(DIRECTIONS FOR THIS TASK)
The data should be written out in full, exactly as it stands, and the pictures dropped.

(Beginning of DATA PROVIDED)

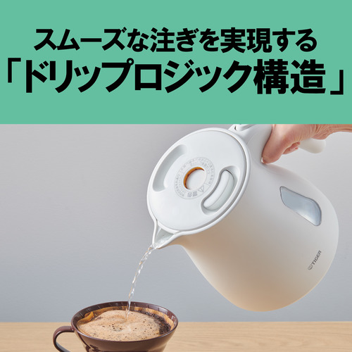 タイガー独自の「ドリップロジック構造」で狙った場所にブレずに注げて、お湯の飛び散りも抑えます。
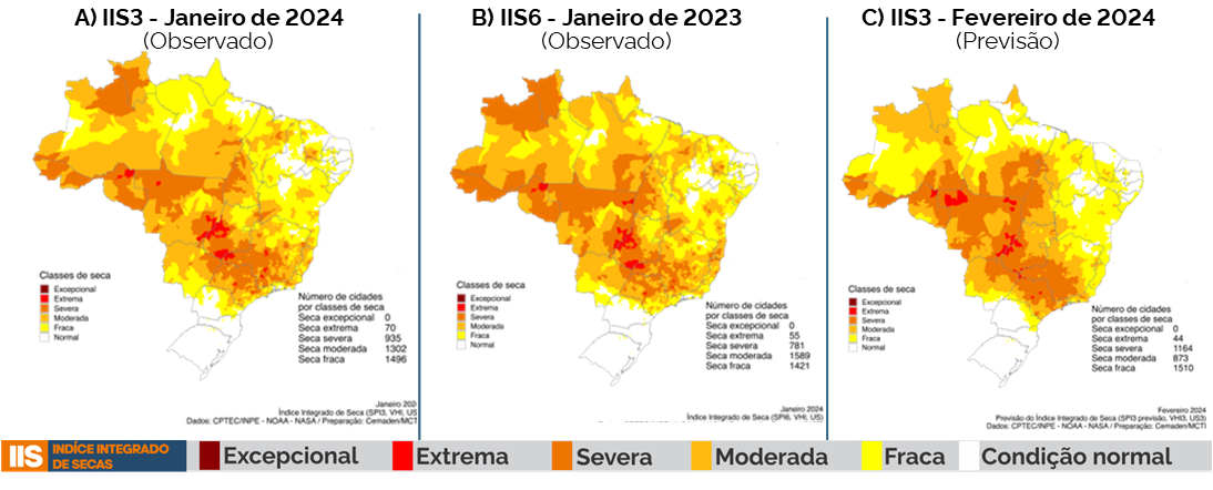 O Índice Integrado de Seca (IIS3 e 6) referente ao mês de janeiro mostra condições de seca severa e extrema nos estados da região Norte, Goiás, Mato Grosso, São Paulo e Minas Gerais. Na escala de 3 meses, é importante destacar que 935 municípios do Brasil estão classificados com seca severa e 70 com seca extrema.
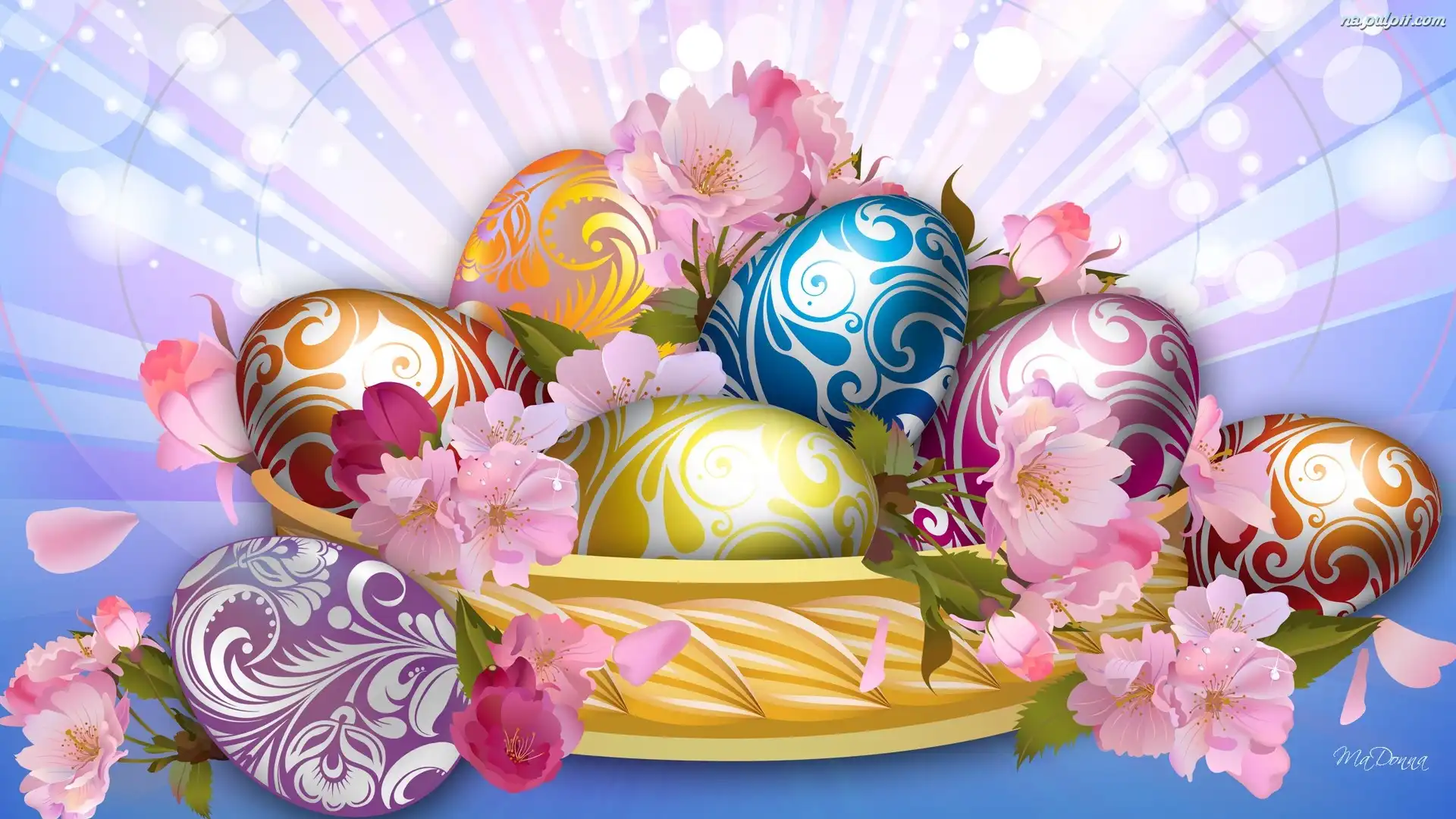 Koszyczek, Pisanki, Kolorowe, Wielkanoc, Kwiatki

(End of DATA PROVIDED)

(RESPONSE TO THIS EXERCISE)
 タイガー独自の「ドリップロジック構造」で狙った場所にブレずに注げて、お湯の飛び散りも抑えます。
 O Índice Integrado de Seca (IIS3 e 6) referente ao mês de janeiro mostra condições de seca severa e extrema nos estados da região Norte, Goiás, Mato Grosso, São Paulo e Minas Gerais. Na escala de 3 meses, é importante destacar que 935 municípios do Brasil estão classificados com seca severa e 70 com seca extrema.
 Koszyczek, Pisanki, Kolorowe, Wielkanoc, Kwiatki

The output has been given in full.